The future of mobility is data driven. Every plan, investment, policy change, and infrastructure design will be grounded in data and evidence for decision-making. Data allows for a higher level of objectivity, precision, predictability, and consistency in decision-making. Today, the increasing digitalization of transport systems generates vast troves of data from diverse supply sources (on-vehicle sensors, roadside sensors, and cameras, smartphones) and demand-side sources (employment location, banking). Governments, researchers, and planners can harvest this data to generate much-needed insights into policies and investments’ outcomes.
In the past three years, the international transport community, with global initiatives like Sustainable Mobility for All (SuM4All), has made massive investments in data collection and compilation of knowledge on policies tested across the world to achieve sustainable mobility. Imagine what difference it will make for the sector if this catalog of policies was associated with some measurement of outcome and impact — such as carbon emissions, traffic fatalities, travel times, and economic activity?
While this may be difficult to imagine today, the vast amount of new data generated from public and private sources, along with the progress with Artificial Intelligence, makes this ambition more realistic for the future. The World Bank’s Impact Evaluations (IEs) Connect for impact program has been trailblazing this approach, using World Bank’s transport projects to build data ecosystems and inform policy choices.
The challenge of data is immense in transport. According to the report, Sustainable Mobility: Policy Making for Data Sharing, “an estimated 35 percent of the world’s largest cities and 92 percent of the largest low and middle-income cities do not have complete transportation maps. The overall level of digitalization of transportation in developing countries remains relatively low.”
Launched on March 9, 2021, the report is the first of the five papers of the “GRA in Action” series by SuM4All.
The report also discusses the opportunities and the benefits of data sharing:
- The increase of smartphone penetration and falling costs of data storage and communication infrastructure offers new opportunities. In developing countries, data from smartphones is used to map formal and informal transport services in real-time. This data could generate information to help users of transit plan multi-model journeys and create valuable insights for city planners on transport access, transit network analysis, ridership, and revenue estimates.
- The DigitalTransport4Africa and Datum efforts showcase data-sharing benefits by collecting, mapping, and integrating data from multiple transportation sources in fragmented mobility markets in countries around Africa and Latin America. Public planners and private transportation providers are also using data from Master Mobility Plans, such as household surveys, travel diaries, traffic counts in several points, and other GIS layers to understand cities’ mobility needs and address existing transportation systems gaps through new apps.
Let us look at two examples of how IE Connect has used technology and data for real impact on the ground.
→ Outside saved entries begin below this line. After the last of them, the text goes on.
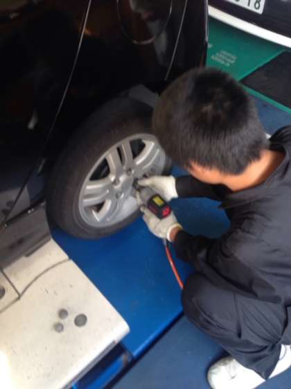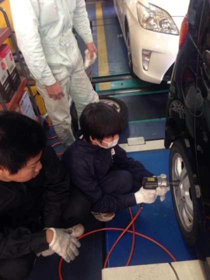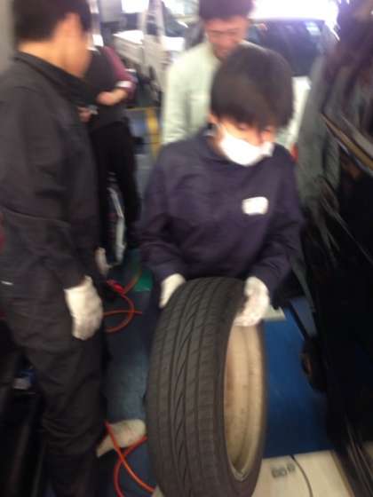 タイヤの入れ替え作業を教えてもらいながら、一緒に作業をしています。初めてタイヤを持って、とても重いことに驚いています。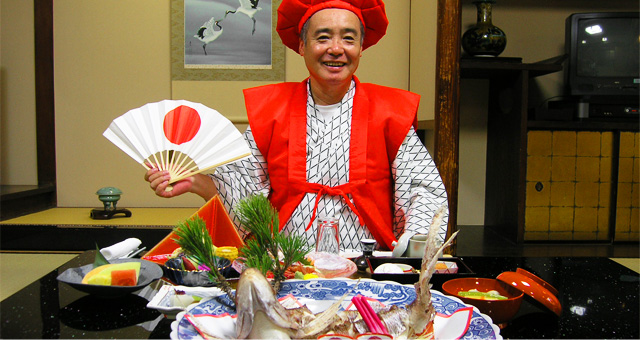 長寿のお祝いにはちゃんちゃんこの無料貸出と写真撮影をサービス致します。ご家族の思い出にぜひご利用ください。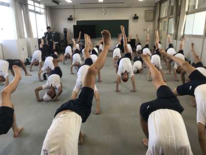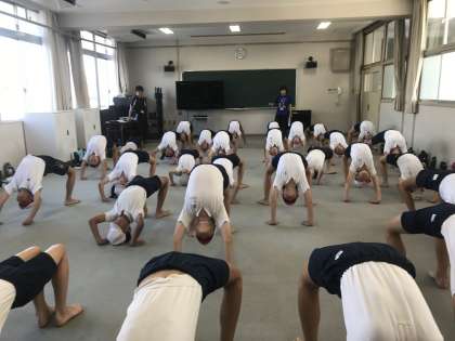 組み立て体操の技の規制がある中、久野先生の熱い思いで構成された今年の団体演技。修学旅行の取り組みと平行してなので、1分1秒が惜しい感じです。笠井先生も応援団や児童会の取り組みで6年生が活躍できるように、準備は万端です。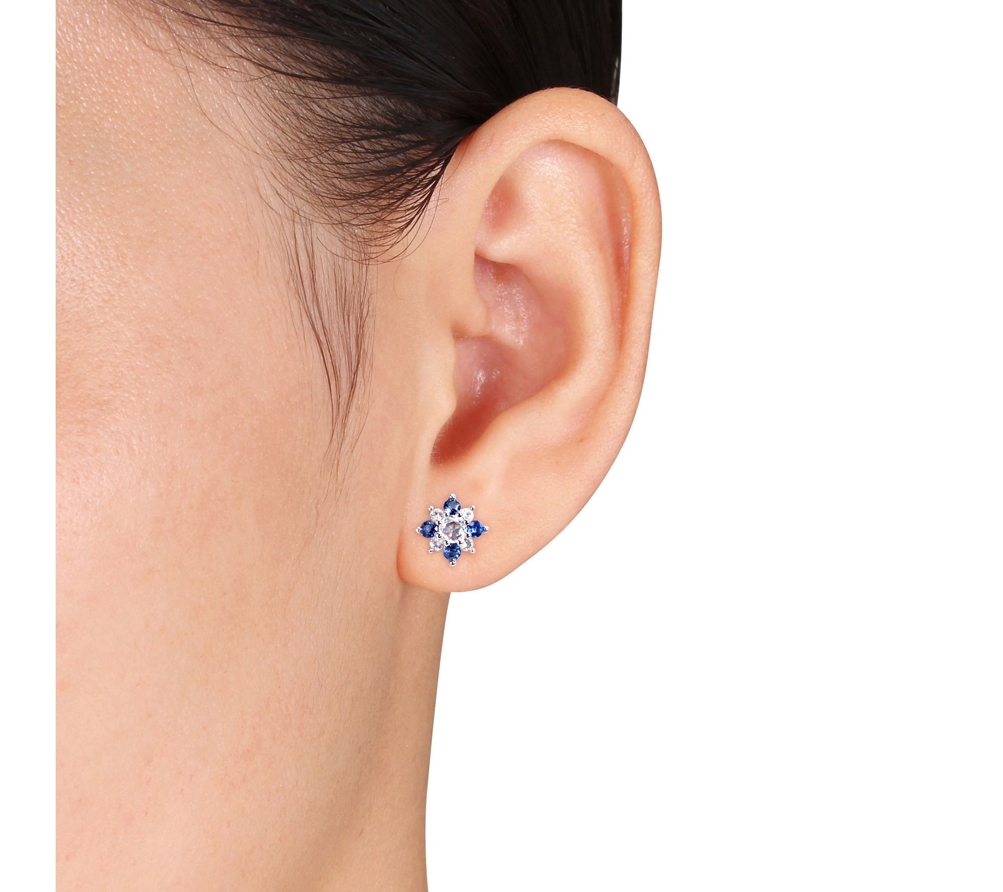 14K 1.55 cttw Blue & White Sapphire Flower Earrings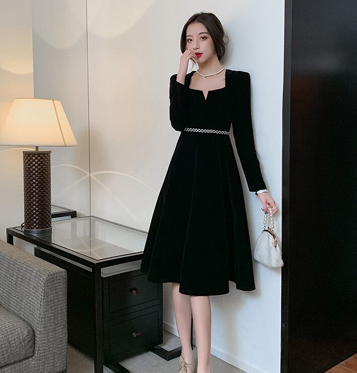 ワンピース フレアスカート 膝下 袖あり 長袖 襟なし スクエアネック デコルテ レディース バレリーナネック ウエストマーク 無地 黒 ブラック かわいい 大人可愛い 大人 大人女子 きれいめ おしゃれ お洒落 シンプル ラブリー キュート ガーリー フェミニン 10代 20代 30代 通勤 学生 通学 デート お出かけ 女子会 休日 普段使い カジュアル 着回し こなれ感 ラフ ルーズ 抜け感 ゆる 光沢 上品 エレガント フォーマル 結婚式 二次会 披露宴 パーティー イベント 旅行 レトロ モテ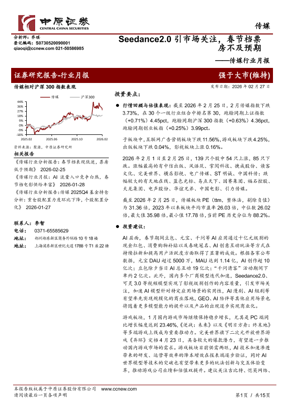 【中原证券】【2026】Seedance2.0引市场关注,春节档票房不及预期-15页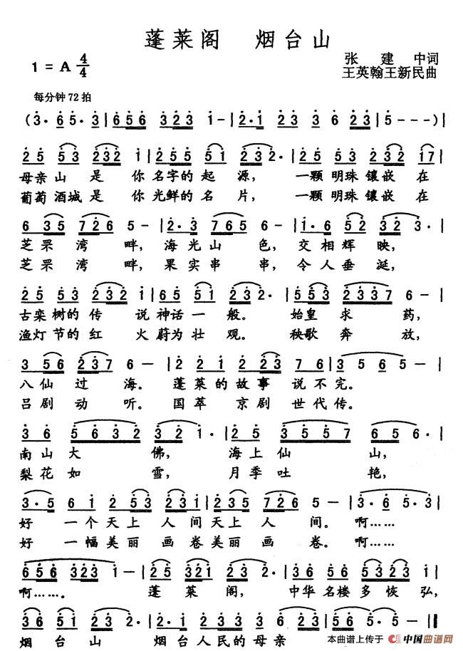 关于《蓬莱阁 烟台山》曲谱的评论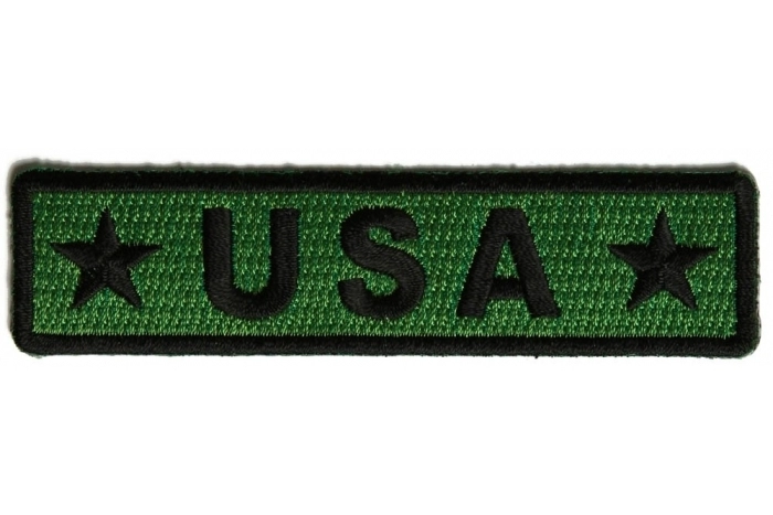 USA black and green patch measures 4x1 inches and is Embroidered in Black / Green. The Small Patch can be sewn on or ironed on to clothing such as Denim or Leather Jackets, Vests, Hats, Back Packs, Shirts. Features plastic backing and embroidered die cut borders.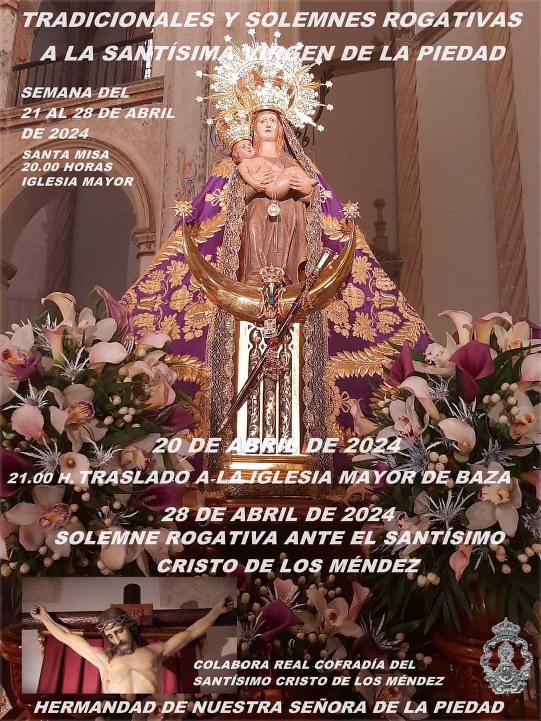 El próximo sábado se inician las *Tradicionales Rogativas a la Santísima Virgen de la Piedad, con su traslado a la Iglesia Mayor, tras los cultos en la Iglesia de la Merced. El ritual de las Rogativas ya fue descrito por el P. Mercedario fray Juan Barroso (1744), quien dejó escritos los detalles de una tradición por la que, “el viernes penúltimo de abril, en que comienzan las fiestas de los labradores, a la hora de costumbre se bajará la imagen de Ntra. Sra. de su camarín, para ponerla en andas, dándose entre tanto los repliques acostumbrados (los que se darán siempre que se suba o baje al camarín). Al día siguiente por la tarde al terminar el coro de la Colegiata subirá el Clero de la misma con Cruz alzada y ornamentos morados para bajarla procesionalmente al dicho templo, donde permanecerá hasta el domingo último de dicho mes, haciéndole en esos días rogativas por la mañana después de la misa conventual, y Salve y Letanía por la tarde después de Coro, y demás cultos que de tiempo inmemorial se le dedican.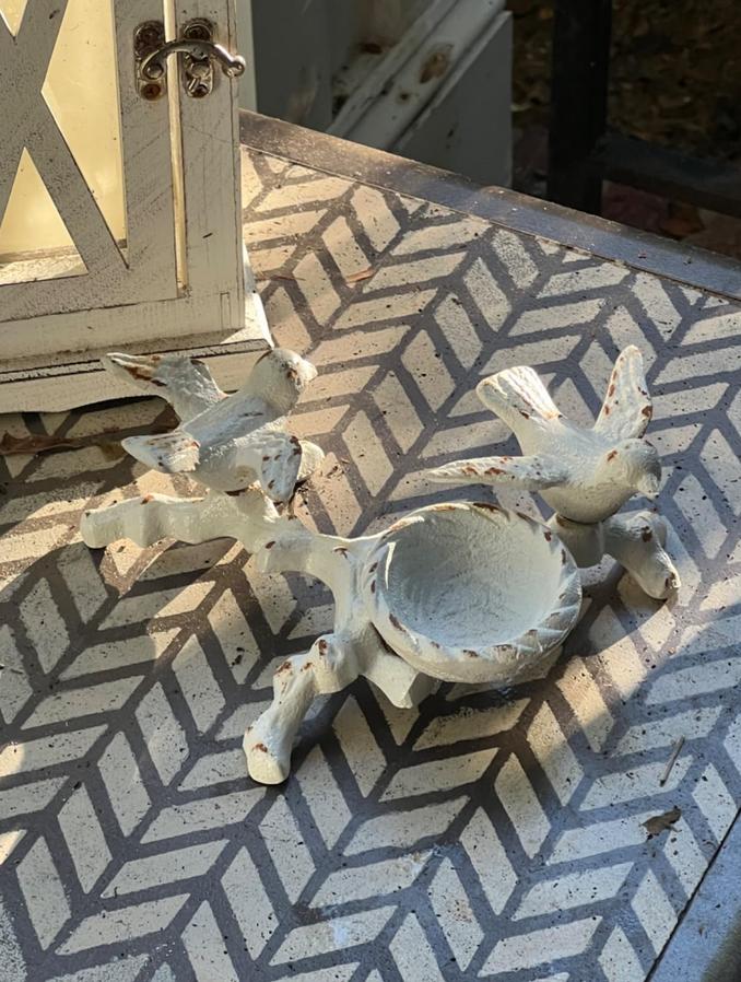 Well-detailed crafted iron bird set, suitable for indoors and outside. The perfect accent to shelves, mantel, living room,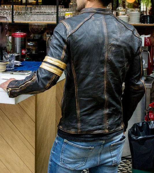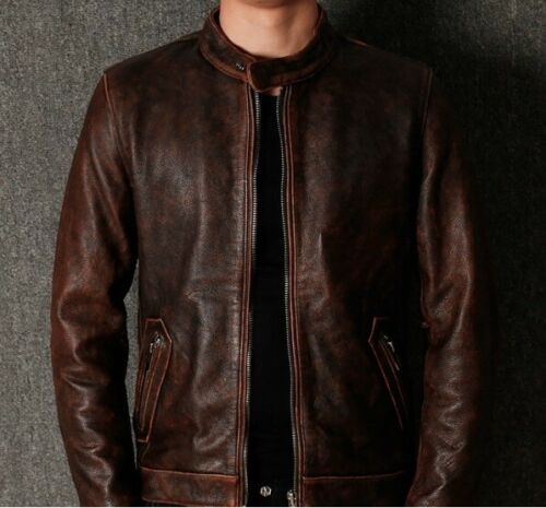 Men's Biker Vintage Brown Café Racer Distressed Genuine Leather Jacket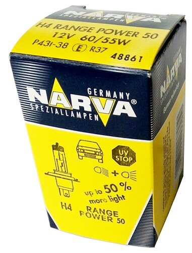 Отзывы на Лампа H4 Range Power 50+ 12V 60/55W P43t 38 NVA (упаковка Carton Box 1 шт)

- The program’s SmarTTrans team in Kenya developed machine-learning algorithms to extract data from crowdsourcing reports and other sources. It revealed 200 locations (blackspots), representing 52 percent of crashes and 55 percent of Nairobi city deaths. The program is an example of using AI to prioritize investments in 1 percent of the road network to improve urban management and will be used in shaping the road safety component of Horn of Africa’s $1 billion projects funded by the World Bank;
- In Rwanda, the program focused on evaluating the impact of rural road upgrading on market integration and household welfare. The impact evaluation focused on market prices, land prices, household consumption, and production as the key outcome variables. Results showed that households in the most remote (most impoverished) areas experienced enormous benefits from road rehabilitation; some saw a nearly 20 percent increase in income. The study has led to the commitment of more funds to rural road infrastructure development in Rwanda. The government has also adopted the data systems developed on rural roads. It will also help monitor the impact on roads constructed in Rwanda.
We are just at the beginning of a great revolution in the transportation sector. Data combined with artificial intelligence is well leveraged could generate new insights for operating transportation systems, plan for future needs, and incentivize customer behavioral changes. Of course, addressing privacy, cybersecurity, competition, and other issues will help unleash the full potential of new data sources. The benefits outweigh the risks.